→ Supplied records
>>>>
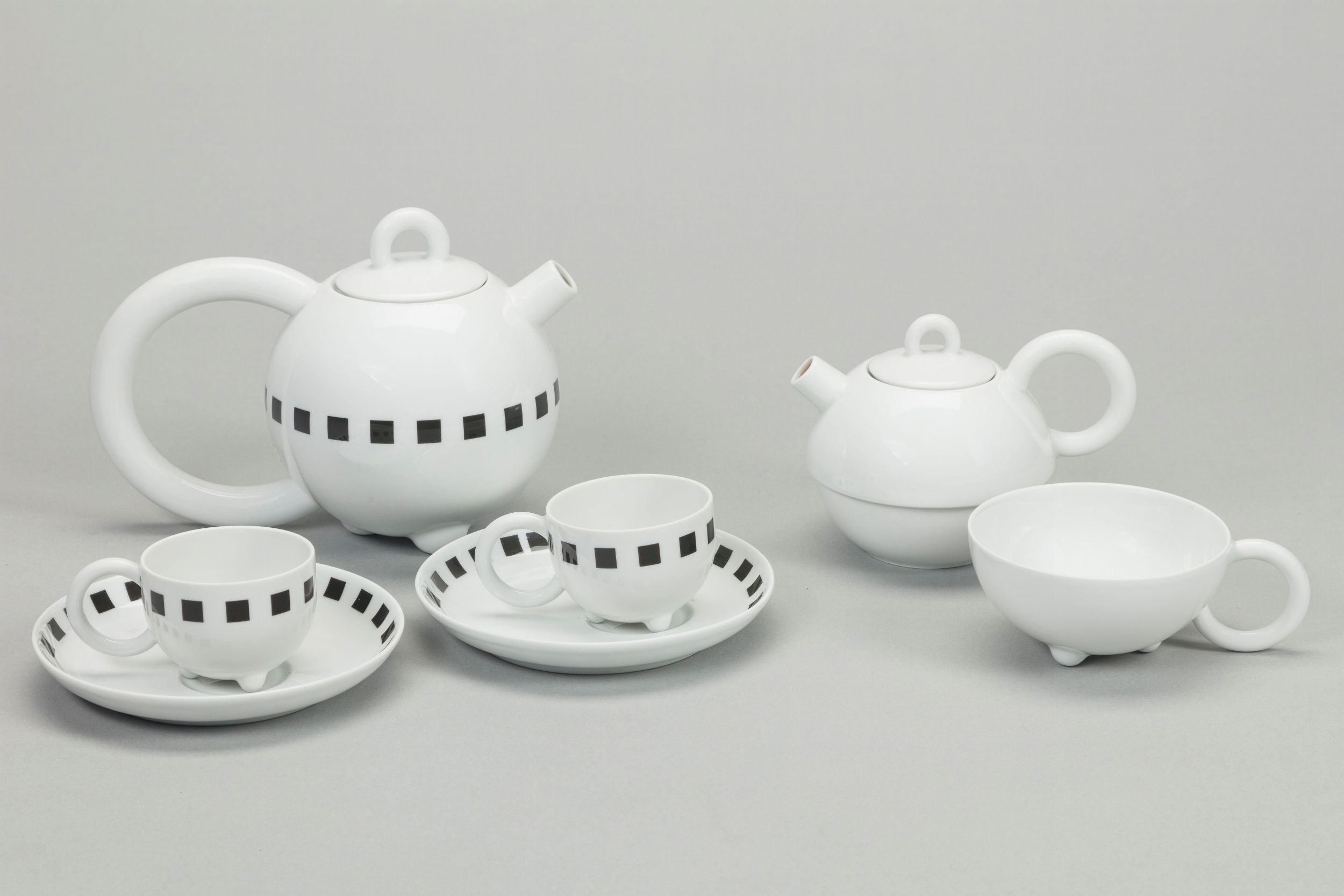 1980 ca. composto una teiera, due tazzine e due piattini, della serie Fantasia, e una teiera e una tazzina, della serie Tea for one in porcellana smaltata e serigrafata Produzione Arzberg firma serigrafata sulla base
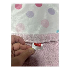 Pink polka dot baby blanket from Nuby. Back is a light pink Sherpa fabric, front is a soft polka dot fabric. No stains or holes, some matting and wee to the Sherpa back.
<<<<
>>>>
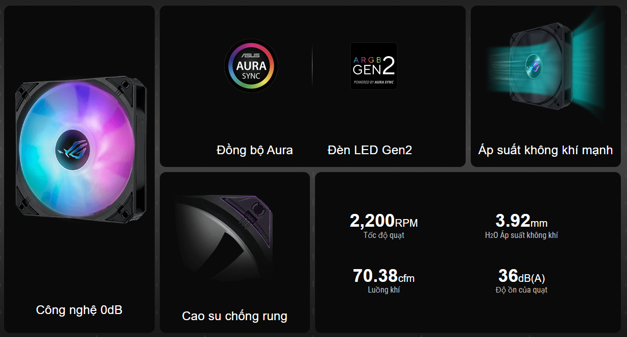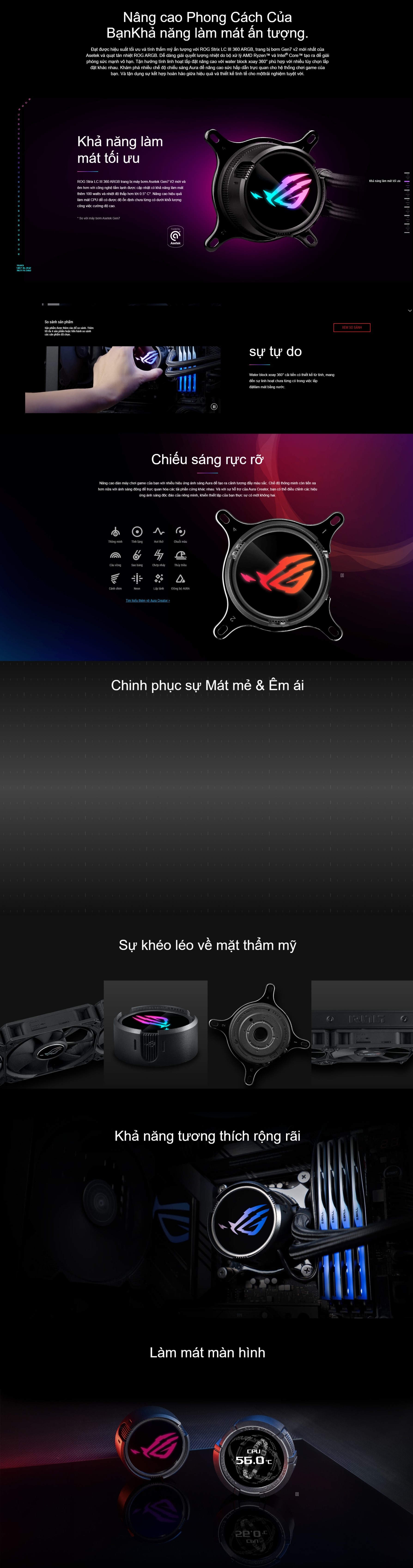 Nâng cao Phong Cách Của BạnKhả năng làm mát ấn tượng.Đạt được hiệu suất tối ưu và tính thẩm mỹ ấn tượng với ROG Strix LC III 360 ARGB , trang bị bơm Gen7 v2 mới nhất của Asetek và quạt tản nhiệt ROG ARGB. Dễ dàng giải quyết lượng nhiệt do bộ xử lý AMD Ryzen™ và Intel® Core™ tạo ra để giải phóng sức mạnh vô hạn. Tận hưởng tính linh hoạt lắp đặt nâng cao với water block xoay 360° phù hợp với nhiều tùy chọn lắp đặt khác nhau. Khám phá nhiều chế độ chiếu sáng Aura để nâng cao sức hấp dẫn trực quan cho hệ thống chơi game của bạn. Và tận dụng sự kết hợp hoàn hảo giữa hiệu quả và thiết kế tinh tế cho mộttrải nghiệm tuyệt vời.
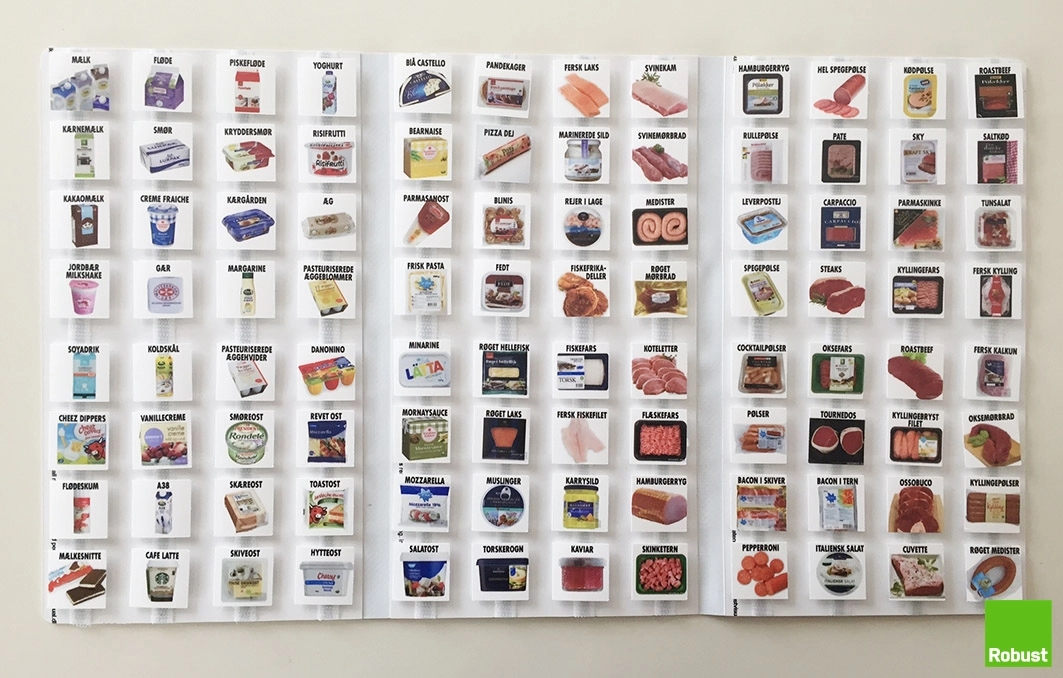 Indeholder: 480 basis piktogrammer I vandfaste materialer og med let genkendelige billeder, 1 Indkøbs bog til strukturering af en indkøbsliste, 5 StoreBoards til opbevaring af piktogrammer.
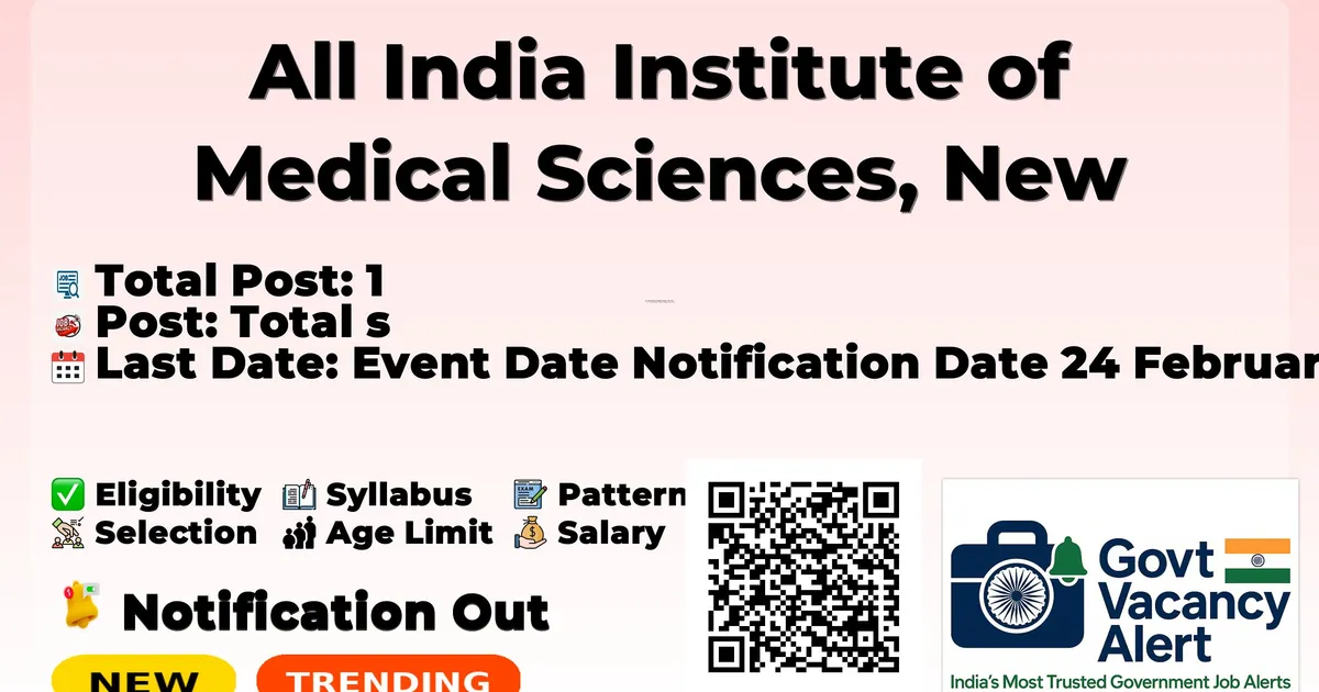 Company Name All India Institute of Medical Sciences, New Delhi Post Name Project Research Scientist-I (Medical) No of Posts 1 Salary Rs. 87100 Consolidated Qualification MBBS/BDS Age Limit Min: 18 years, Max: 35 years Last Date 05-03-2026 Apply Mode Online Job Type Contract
<<<<
>>>>
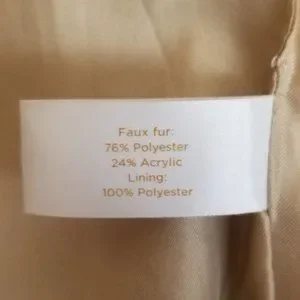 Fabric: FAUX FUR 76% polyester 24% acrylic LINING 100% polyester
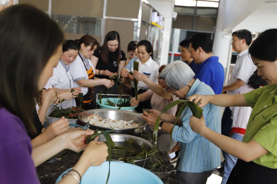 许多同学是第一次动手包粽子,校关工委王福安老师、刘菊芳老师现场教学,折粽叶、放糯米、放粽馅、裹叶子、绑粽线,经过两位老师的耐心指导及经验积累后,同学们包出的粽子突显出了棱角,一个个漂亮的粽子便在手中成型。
<<<<
→ What is needed
Copy everything above from the line holding "1980 ca. composto" down to the line holding "Pink polka dot", both ends included, exactly as it stands and without the pictures.

→ Answer to the problem
 1980 ca. composto una teiera, due tazzine e due piattini, della serie Fantasia, e una teiera e una tazzina, della serie Tea for one in porcellana smaltata e serigrafata Produzione Arzberg firma serigrafata sulla base
 Pink polka dot baby blanket from Nuby. Back is a light pink Sherpa fabric, front is a soft polka dot fabric. No stains or holes, some matting and wee to the Sherpa back.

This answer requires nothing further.